Nakai K, Itoh C, Nakai K, Habano W, Gurwitz D
Laboratory Medicine, Iwate Medical University, Morioka, Japan.
Am J Cardiovasc Drugs. 2001;1(5):353-61. doi: 10.2165/00129784-200101050-00005.
The lesions of coronary atherosclerosis represent the result of a complex, multicellular, inflammatory-healing response in the coronary arterial wall. In vivo and in vitro cellular and molecular studies have suggested a role for tissue homocysteine in endothelial cell injury and adverse extra-cellular matrix remodeling. Gene polymorphisms in relation with numerous risk factors might increase the incidence of coronary artery disease (CAD). In this review we have focused on the correlations between plasma homocysteine levels, the incidence of cardiovascular disease and the cytosine-to-thymidine substitution at nucleotide 677 (C677T) of the 5,10-methylenetetrahydrofolate reductase (MTHFR) gene, coding for a key enzyme in methionine-homocysteine metabolism. The role of the C677T MTHFR gene polymorphism in the causation of CAD is controversial. We reviewed 12 recent case-control studies comprising 5370 genotyped patients with CAD and 4961 genotyped participants without CAD. There was no significant difference between those with and without CAD in the frequency of the C677T polymorphism (34.9 vs 33.6%). The frequency of homozygous C677T polymorphism in these groups was 10.9 versus 12.8%, respectively, although there were some ethnic differences in the C677T MTHFR polymorphism. In the analysis of the 12 studies, the odds ratio of CAD associated with the TT genotype (homozygous C677T polymorphism) was 1.18. Only slightly higher plasma homocysteine levels were observed in participants with the val/val (TT) genotype (14.4+/-2.9 micro mol/L in TT genotype vs 11.1+/-1.9 and 11.9+/-2 micro mol/L in CC and CT genotype, respectively). In addition, the relation between homocysteine increase after methionine loading and MTHFR genotypes is also controversial. However, hyperhomocysteinemia because of the C677T MTHFR allele may be corrected with oral folic acid therapy. Further investigations on the relationships between MTHFR genotypes and the incidence of CAD should be based on larger samples, paying attention to the differences between various ethnic populations. Individual therapeutic strategies based on single nucleotide polymorphism may become increasingly important for preventive treatment against polygenic CAD.

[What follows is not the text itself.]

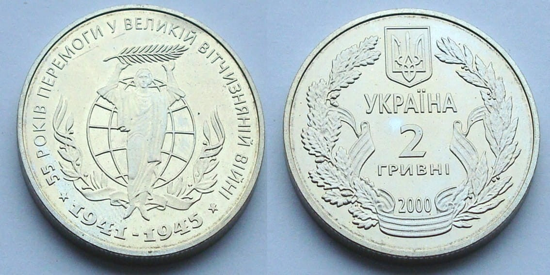 UKRAINA 2 UAH 55-lecie Zwycięstwa w Wojnie Ojczyźnianej 2000

冠状动脉粥样硬化病变是冠状动脉壁内复杂的多细胞炎症修复反应的结果。体内和体外细胞及分子研究表明,组织同型半胱氨酸在内皮细胞损伤和不良细胞外基质重塑中起作用。与众多危险因素相关的基因多态性可能会增加冠状动脉疾病(CAD)的发病率。在本综述中,我们重点关注了血浆同型半胱氨酸水平、心血管疾病发病率与5,10-亚甲基四氢叶酸还原酶(MTHFR)基因第677位核苷酸(C677T)胞嘧啶到胸腺嘧啶的替换之间的相关性,该基因编码甲硫氨酸-同型半胱氨酸代谢中的关键酶。C677T MTHFR基因多态性在CAD病因中的作用存在争议。我们回顾了12项近期的病例对照研究,包括5370例经基因分型的CAD患者和4961例经基因分型的非CAD参与者。C677T多态性的频率在CAD患者和非CAD患者之间没有显著差异(34.9%对33.6%)。这些组中纯合C677T多态性的频率分别为10.9%和12.8%,尽管C677T MTHFR多态性存在一些种族差异。在对这12项研究的分析中,与TT基因型(纯合C677T多态性)相关的CAD优势比为1.18。仅在val/val(TT)基因型的参与者中观察到略高的血浆同型半胱氨酸水平(TT基因型为14.4±2.9微摩尔/升,而CC和CT基因型分别为11.1±1.9和11.9±2微摩尔/升)。此外,甲硫氨酸负荷后同型半胱氨酸增加与MTHFR基因型之间的关系也存在争议。然而,因C677T MTHFR等位基因导致的高同型半胱氨酸血症可用口服叶酸治疗纠正。关于MTHFR基因型与CAD发病率之间关系的进一步研究应基于更大的样本,注意不同种族人群之间的差异。基于单核苷酸多态性的个体化治疗策略对于多基因CAD的预防性治疗可能变得越来越重要。